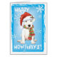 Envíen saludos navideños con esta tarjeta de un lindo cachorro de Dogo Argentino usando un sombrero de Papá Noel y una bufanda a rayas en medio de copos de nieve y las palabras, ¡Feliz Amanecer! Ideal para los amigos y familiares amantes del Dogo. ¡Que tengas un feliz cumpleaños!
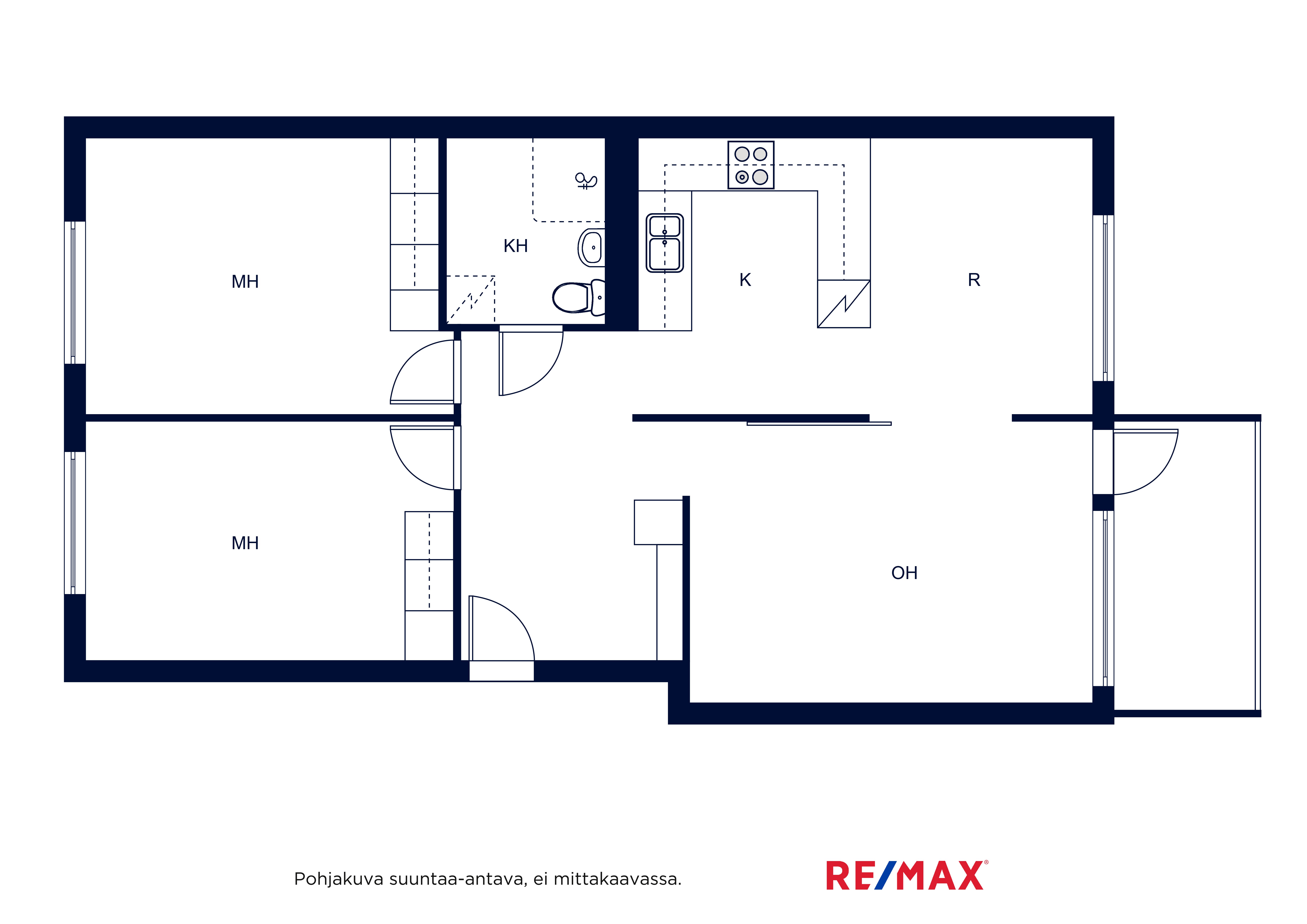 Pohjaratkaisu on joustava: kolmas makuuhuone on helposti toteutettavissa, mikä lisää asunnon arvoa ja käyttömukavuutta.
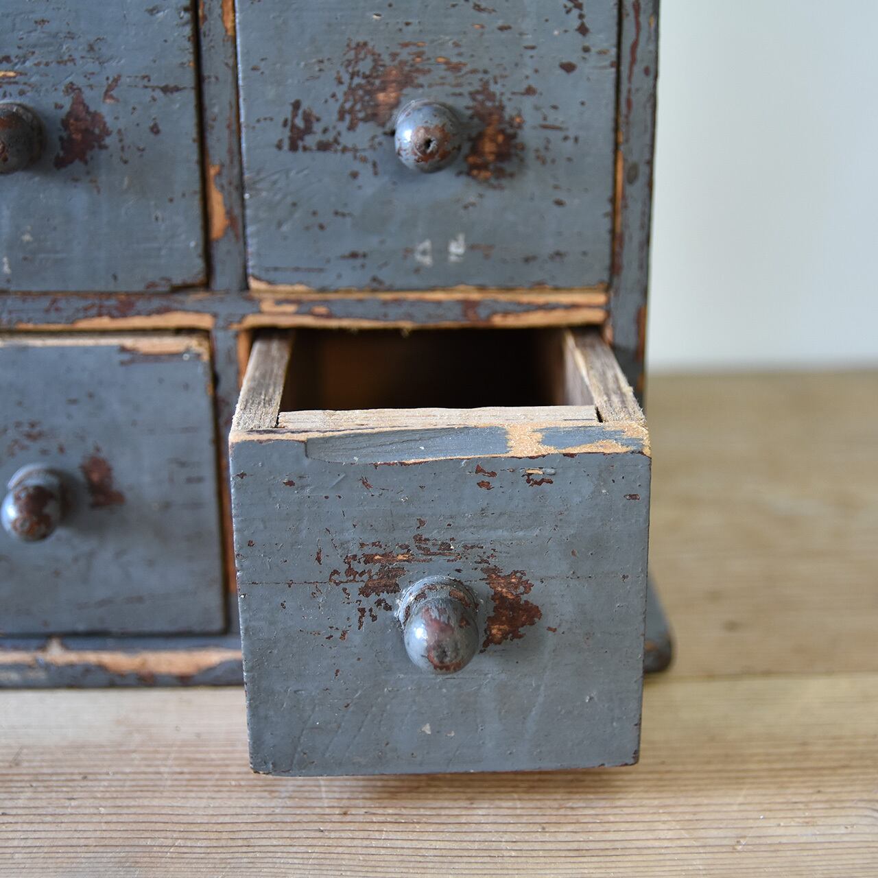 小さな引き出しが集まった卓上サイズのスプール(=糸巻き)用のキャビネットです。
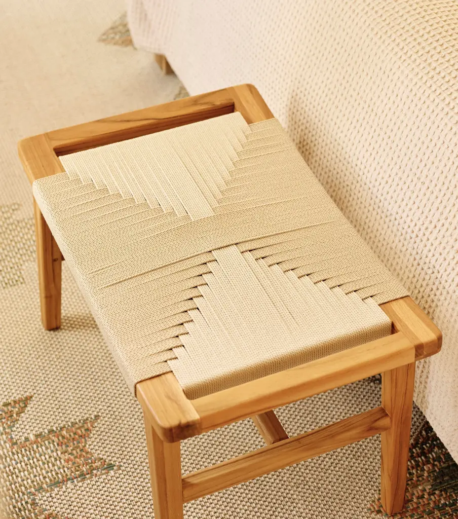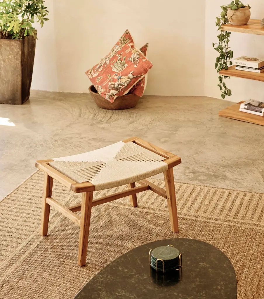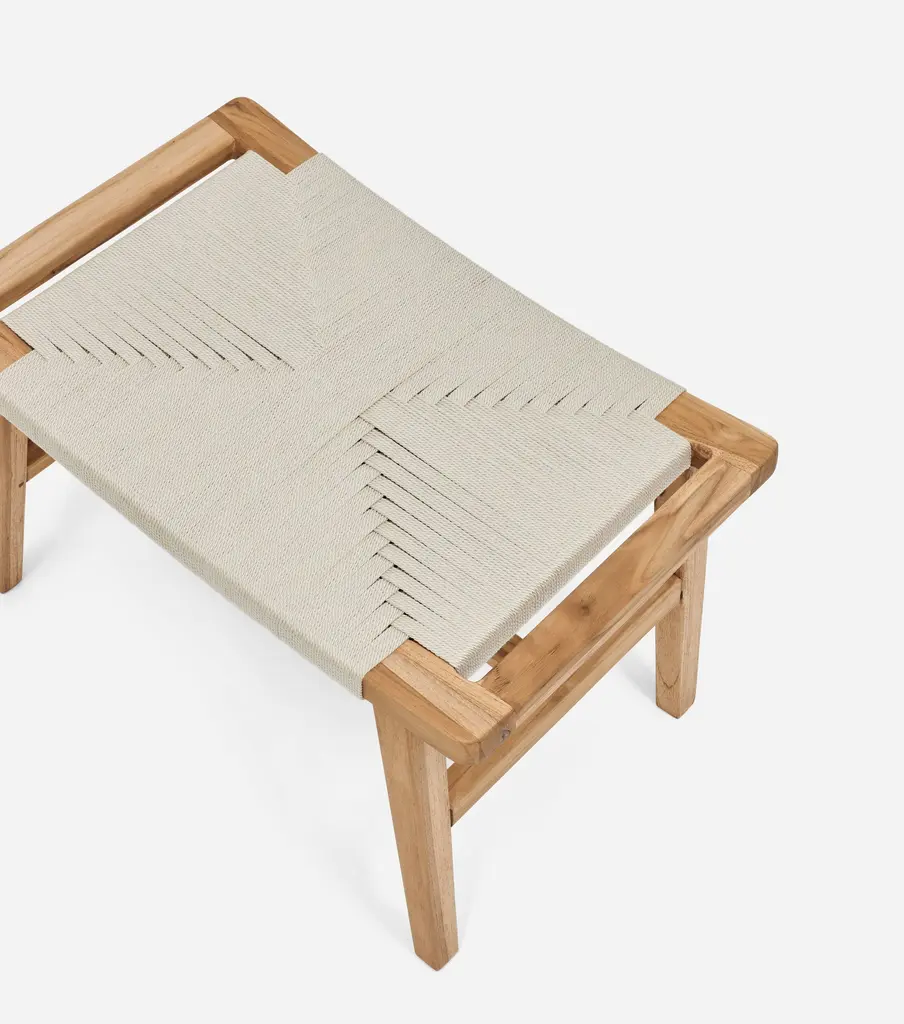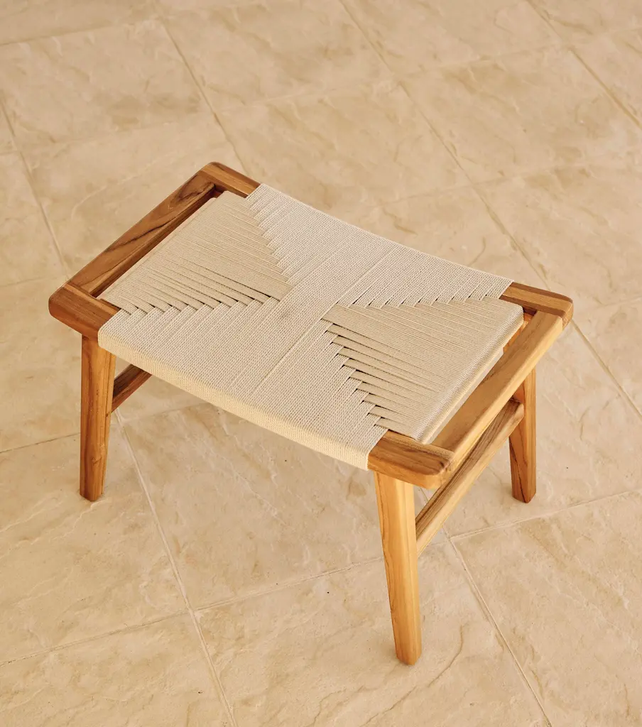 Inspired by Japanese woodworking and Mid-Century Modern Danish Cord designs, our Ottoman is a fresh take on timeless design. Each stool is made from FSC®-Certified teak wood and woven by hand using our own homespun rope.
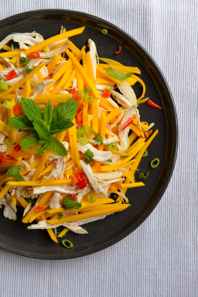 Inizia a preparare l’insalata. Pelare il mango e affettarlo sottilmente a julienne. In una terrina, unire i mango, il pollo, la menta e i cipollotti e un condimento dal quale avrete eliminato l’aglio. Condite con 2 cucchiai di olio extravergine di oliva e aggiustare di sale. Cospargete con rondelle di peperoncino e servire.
━━━━━━━━━━━━━━━━━━━━
#### [PROBLEM TO SOLVE]
Repeat the material above exactly; any picture in it is left out.

#### [RESPONSE BELOW]
 Envíen saludos navideños con esta tarjeta de un lindo cachorro de Dogo Argentino usando un sombrero de Papá Noel y una bufanda a rayas en medio de copos de nieve y las palabras, ¡Feliz Amanecer! Ideal para los amigos y familiares amantes del Dogo. ¡Que tengas un feliz cumpleaños!
 Pohjaratkaisu on joustava: kolmas makuuhuone on helposti toteutettavissa, mikä lisää asunnon arvoa ja käyttömukavuutta.
 小さな引き出しが集まった卓上サイズのスプール(=糸巻き)用のキャビネットです。
 Inspired by Japanese woodworking and Mid-Century Modern Danish Cord designs, our Ottoman is a fresh take on timeless design. Each stool is made from FSC®-Certified teak wood and woven by hand using our own homespun rope.
 Inizia a preparare l’insalata. Pelare il mango e affettarlo sottilmente a julienne. In una terrina, unire i mango, il pollo, la menta e i cipollotti e un condimento dal quale avrete eliminato l’aglio. Condite con 2 cucchiai di olio extravergine di oliva e aggiustare di sale. Cospargete con rondelle di peperoncino e servire.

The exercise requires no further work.